We watch several movies a week. Every Friday, we'll talk a little about some of the movies we watched that we felt were Worth Mentioning.


"The Terminator meets Halloween" as The Dragon and Seagal come out of comas.


THE GUEST (2014)

When you look over the filmography of director Adam Wingard, you can see how his movies gradually start to become more appealing to a wider audience. From low budget, experimental beginnings with Home Sick and Pop Skull he went to the well-received A Horrible Way to Die to the fantastic You're Next, contributed to the high profile anthologies The ABCs of Death and V/H/S, leading up to The Guest, which seems very accessible to me. It's an ascending career that now has him directing a series pilot for Cinemax that's based on source material by the creator of The Walking Dead, attached to make new versions of I Saw the Devil and Death Note, and even being considered to take the helm of the next Fast & Furious sequel (a job he didn't get, but even being in the running for it is huge).

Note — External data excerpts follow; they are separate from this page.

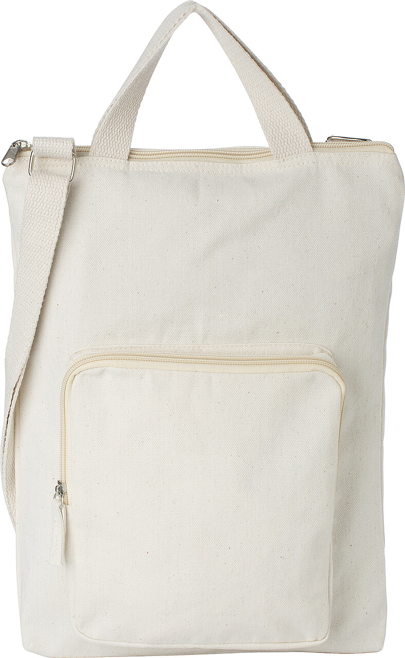 Bavlněná taška na notebook (15"). Jedna velká a jedna malá přihrádka na zip. Dvě krátké rukojeti a jeden nastavitelný ramenní popruh. Rozměry: 36 x 27 x 2 cm
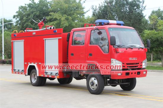 Xe cứu hỏa chở nước CEEC5070GXF lắp trên khung gầm xe cứu hỏa mini ISUZU, cabin Isuzu thương hiệu Nhật Bản nguyên bản có 4 cửa mở, ghế ngồi SCBA phía sau phù hợp với bình dưỡng khí. Công suất động cơ diesel model 4KH1CN6LB là 88kW/120HP mã lực, đáp ứng tiêu chuẩn khí thải Euro 6, hệ dẫn động địa hình 4x4 tùy chỉnh có thể vượt qua điều kiện đường rất gồ ghề. Khung gầm được trang bị nhiều thiết bị phanh như hệ thống chống bó cứng phanh ABS. Thể tích bình nước được thiết kế 3.000kg, tất cả làm cho xe cứu hỏa địa hình Isuzu là một phương tiện được thiết kế chủ yếu cho hoạt động chữa cháy để dập tắt đám cháy hiệu quả nhằm ngăn ngừa cháy lan, giảm thiểu tối đa thiệt hại do hỏa hoạn gây ra.
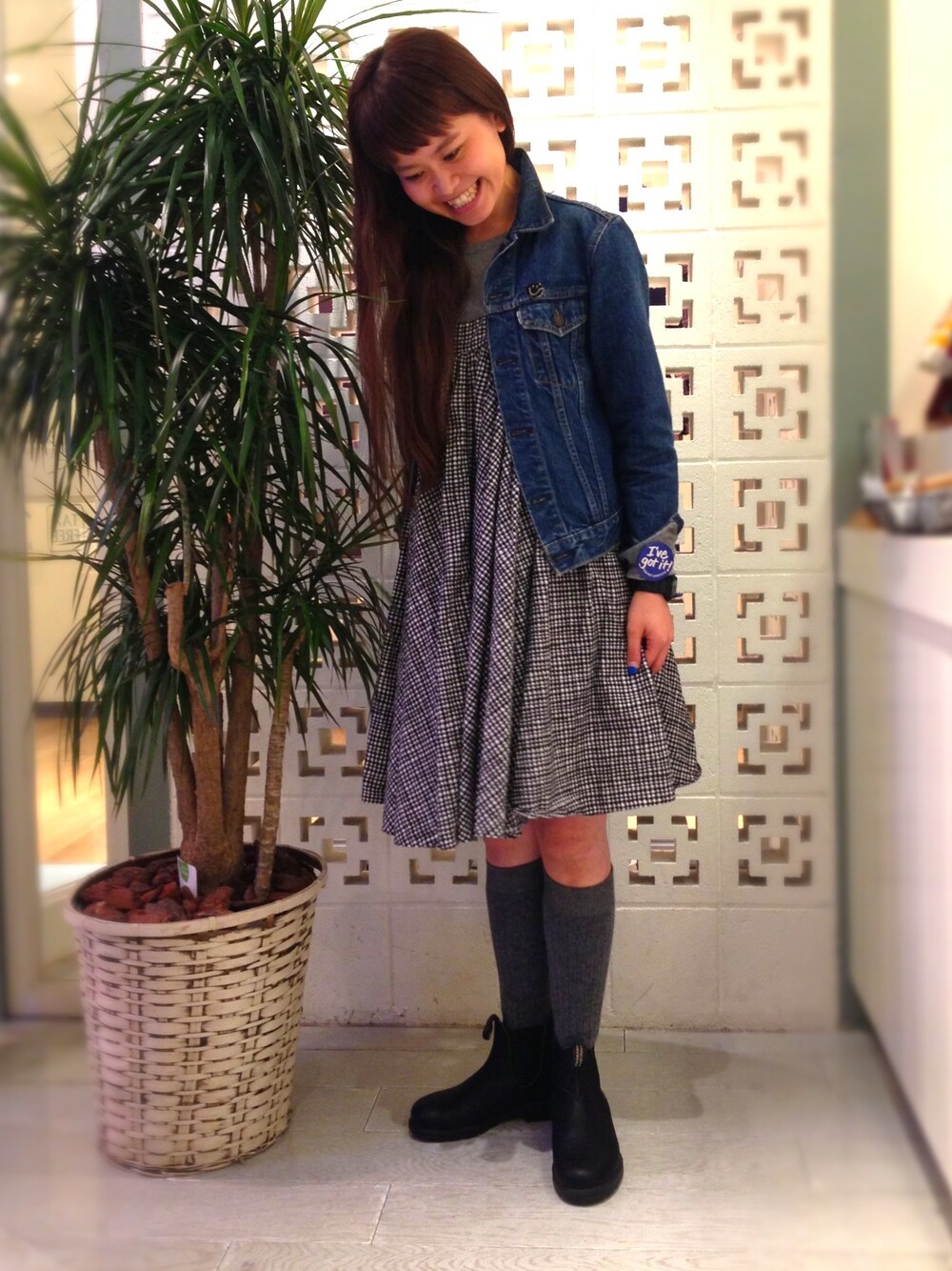 本日は、 どうしてもやりたかったコーディネート。 BEAMS BOY チェック 肩リボン キャミワンピース × BEAMS BOY ソリッド リブ ハイソックス 相変わらずこちらのキャミワンピース好きです。

Written by A Horrible Way to Die/You're Next screenwriter Simon Barrett, The Guest has been described as "The Terminator meets Halloween", a very fitting description.

The title character is David Collins, played by Dan Stevens in a performance that makes it clear this guy is on the way to becoming a huge star. David is a soldier who has just been discharged, and the first stop he makes after getting out of the military is at the home of the Petersons, a family grieving the loss of the eldest child, a son named Caleb who was killed in combat in Afghanistan. A soldier David served with. David promised Caleb he would let his family know that he loved them and was thinking of them up until the end, and he has kept his word.

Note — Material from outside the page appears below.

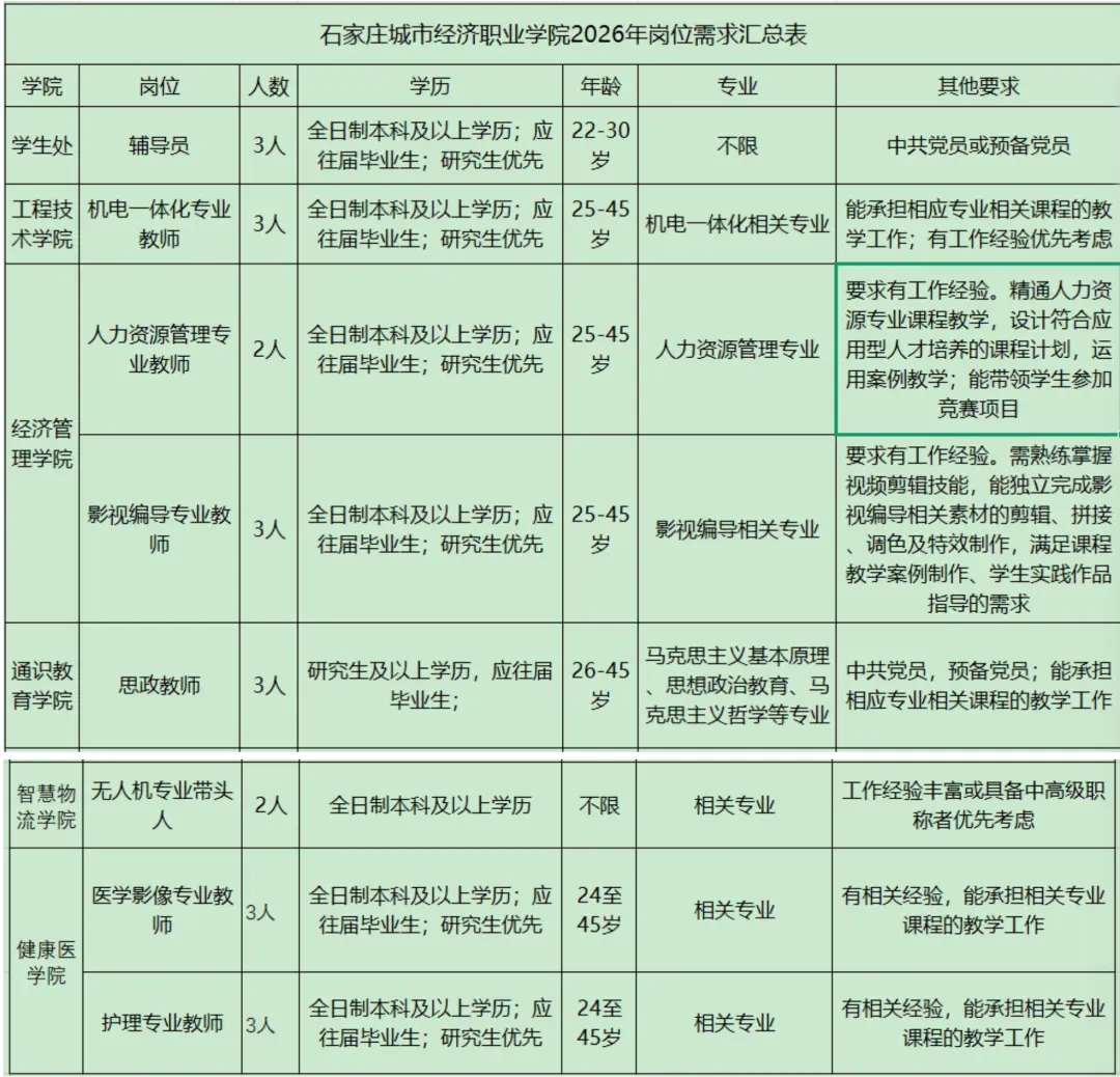 石家庄城市经济职业学院2026年公开招聘22名工作人员公告

After his message has been delivered, David is ready to go on his way, but Caleb's parents - Sheila Kelley and Leland Orser as Laura and Spencer - are so glad to have this connection to their lost son that they invite him to stick around for a while. So David does... And while he stays, he decides to help the family out in any way he can.

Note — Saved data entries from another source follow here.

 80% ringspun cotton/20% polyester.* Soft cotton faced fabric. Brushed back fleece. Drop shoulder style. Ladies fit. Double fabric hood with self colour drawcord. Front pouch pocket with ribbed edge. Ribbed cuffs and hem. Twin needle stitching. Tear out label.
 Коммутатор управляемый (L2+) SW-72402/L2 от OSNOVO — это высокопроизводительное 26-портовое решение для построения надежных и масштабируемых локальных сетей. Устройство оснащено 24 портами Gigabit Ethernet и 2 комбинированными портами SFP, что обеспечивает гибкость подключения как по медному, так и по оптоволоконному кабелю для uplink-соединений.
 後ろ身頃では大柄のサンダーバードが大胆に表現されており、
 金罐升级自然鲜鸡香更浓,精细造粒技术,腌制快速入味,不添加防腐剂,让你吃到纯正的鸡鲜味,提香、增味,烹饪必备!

But David has some unorthodox views on what is helpful. For example, he gains the friendship of teenage Luke Peterson (Brendan Meyer) by giving him very questionable advice and putting the bullies who have been tormenting him at school into the hospital.


The audience knows that something is off about David from the start, a huge hint being the moments when he just sits and stares intensely into space. The Peterson who is most unsure about having him around is twenty-year-old Anna (Maika Monroe), but even she gradually starts to warm up to him.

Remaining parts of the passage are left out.